An important target is the closer link of the education with the labour market – an area where Greece lags substantially behind her European partners and contributes to the high rates of youth unemployment. In this context, it is planned to upgrade vocational training in direct link with market needs.


11. Fight against corruption and enhancement of reliability and transparency: The government adjusted the legislation in order to align the framework against corruption to international standards and designed and implemented an integrated strategy against fraud and corruption.

Following a series of interventions, the taxation system and revenue administration were rationalized, leaving less room to corrupt practices.


Priorities for the near future include improvements in transparency, digitalization,
simplification of procedures and capacity building.

12. Acceleration and improvement in the justice system:
Justice reform is being implemented with consistency, in order to secure efficient and timely execution of contracts, application of the competition law and regulations, increase of court efficiency, rationalization of procedures of administrative courts and reinforcement of extrajudicial processes.
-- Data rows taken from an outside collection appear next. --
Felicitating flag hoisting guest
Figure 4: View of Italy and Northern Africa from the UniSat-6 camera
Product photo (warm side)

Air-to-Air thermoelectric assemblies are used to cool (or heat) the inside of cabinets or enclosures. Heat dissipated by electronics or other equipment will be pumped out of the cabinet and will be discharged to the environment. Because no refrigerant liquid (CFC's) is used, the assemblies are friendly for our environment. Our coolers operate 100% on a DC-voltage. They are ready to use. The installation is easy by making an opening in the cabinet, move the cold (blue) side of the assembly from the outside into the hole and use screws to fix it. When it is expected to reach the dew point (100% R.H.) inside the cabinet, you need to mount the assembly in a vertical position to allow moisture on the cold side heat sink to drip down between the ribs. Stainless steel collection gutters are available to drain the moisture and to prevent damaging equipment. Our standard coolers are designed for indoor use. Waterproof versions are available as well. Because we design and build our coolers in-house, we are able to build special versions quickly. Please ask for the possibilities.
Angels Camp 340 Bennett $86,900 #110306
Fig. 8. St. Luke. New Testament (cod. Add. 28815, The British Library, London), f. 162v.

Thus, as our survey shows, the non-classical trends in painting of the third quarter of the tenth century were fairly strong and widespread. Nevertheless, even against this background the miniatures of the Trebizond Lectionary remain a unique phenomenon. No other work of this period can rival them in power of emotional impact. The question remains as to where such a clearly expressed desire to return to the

These efforts are expected to lead to the acceleration in the award of justice and, as a result, to have beneficial effects on investment.
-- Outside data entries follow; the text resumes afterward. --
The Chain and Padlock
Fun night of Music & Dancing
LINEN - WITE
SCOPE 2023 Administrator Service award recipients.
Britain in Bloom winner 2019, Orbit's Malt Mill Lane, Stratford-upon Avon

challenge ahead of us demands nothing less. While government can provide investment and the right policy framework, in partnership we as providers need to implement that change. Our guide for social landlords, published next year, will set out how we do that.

Moreover,in the longer term, a constitutional amendment is being considered that might give a further boost to this reform.


13. Reinforcement of social cohesion:
During the recent crisis, the unemployment rate in Greece reached unprecedented levels, while at the same time the lack of an efficient social safety net became apparent.

The experience of other countries, that encountered in the past such extremely high unemployment rates, indicates that a substantial period of time will be necessary until unemployment drops to normal levels. Until reaching that point, a significant effort has to take place for redirecting the resources of social policy towards the most vulnerable groups through the establishment of a Means-Tested Minimum Income Support Program.

Particular attention is paid to the group of the unemployed and, especially, the long term unemployed. The main tools take the form of vocational training policies and temporary employment policies, in order to sustain the links of the unemployed with the labour market. The financing of such policies is frontloaded in the framework of Structural Policies.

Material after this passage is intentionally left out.